Task details =
Leaving out each picture, transcribe the lines of the listing below exactly from the first through the line that contains "Rede Crochê e".

The data =
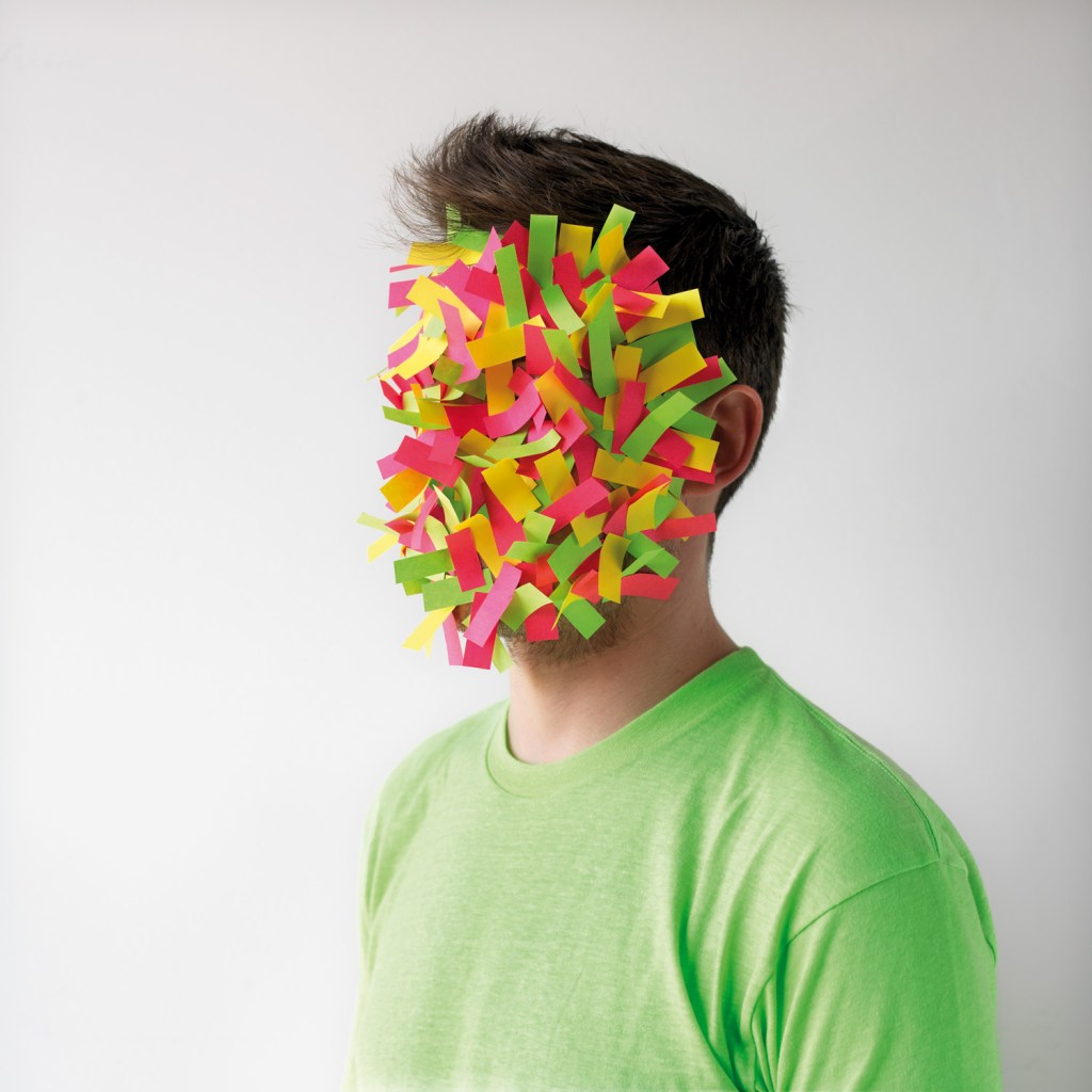Personally, I looked past the metaphor with his printing process and thought about how this art could express a person’s emotion without being able to see their face. This first paper face manipulates the body by extending the face with many pieces of square paper that seems to have been folded. The second uses pieces of black paper cut into diamond-like shapes, arranged to look like flowers or bows with a crease to give it more texture. The third uses multiple rectangular shaped pieces of small colored paper arranged in a random fashion.
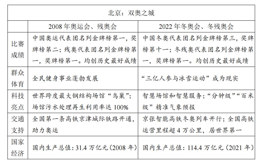双奥之城,闪耀世界。两次奥运会,都显示了中国体育发展的新高度,展示了中国综合国力的跨越式发展,也见证了你从懵懂儿童向有为青年的跨越。亲历其中,你能感受到体育的荣耀和国家的强盛;未来前行,你将融入民族复兴的澎湃春潮。卓越永无止境,跨越永不停歇。
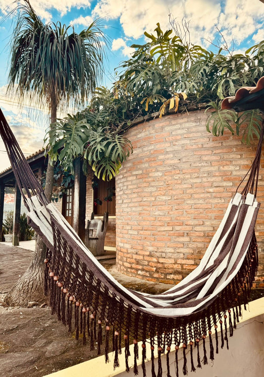 Rede Crochê e Bolinhas - Marrom Com Lista Cru
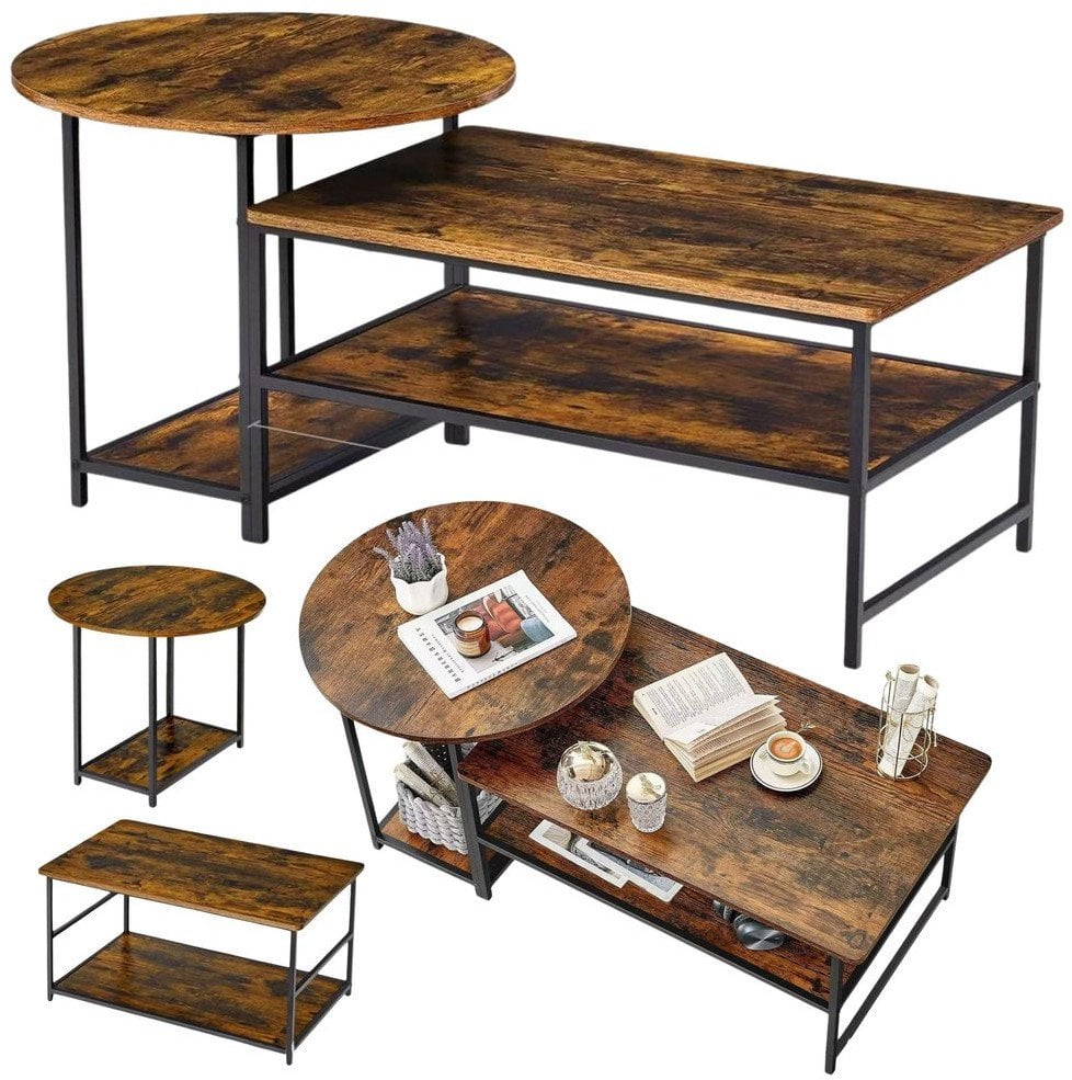 Lean Zestaw Stolików Kawowych 2w1 Vintage Drewno Rustykalne 123x60x51cm
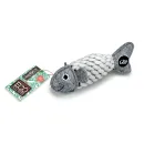 In muted shades of grey, he is composed from a felt head, flippers and tail, with a recycled plastic bottle covered in braided jute rope. Jute is a natural, sustainable plant fibre. The suede used for his eye is a by-product and ensures that this material is not wasted. Tough and long lasting, made without using any compound that would harm or be released when chewed. Jute is 100% biodegradable.

Written solution =
Personally, I looked past the metaphor with his printing process and thought about how this art could express a person’s emotion without being able to see their face. This first paper face manipulates the body by extending the face with many pieces of square paper that seems to have been folded. The second uses pieces of black paper cut into diamond-like shapes, arranged to look like flowers or bows with a crease to give it more texture. The third uses multiple rectangular shaped pieces of small colored paper arranged in a random fashion.
双奥之城,闪耀世界。两次奥运会,都显示了中国体育发展的新高度,展示了中国综合国力的跨越式发展,也见证了你从懵懂儿童向有为青年的跨越。亲历其中,你能感受到体育的荣耀和国家的强盛;未来前行,你将融入民族复兴的澎湃春潮。卓越永无止境,跨越永不停歇。
 Rede Crochê e Bolinhas - Marrom Com Lista Cru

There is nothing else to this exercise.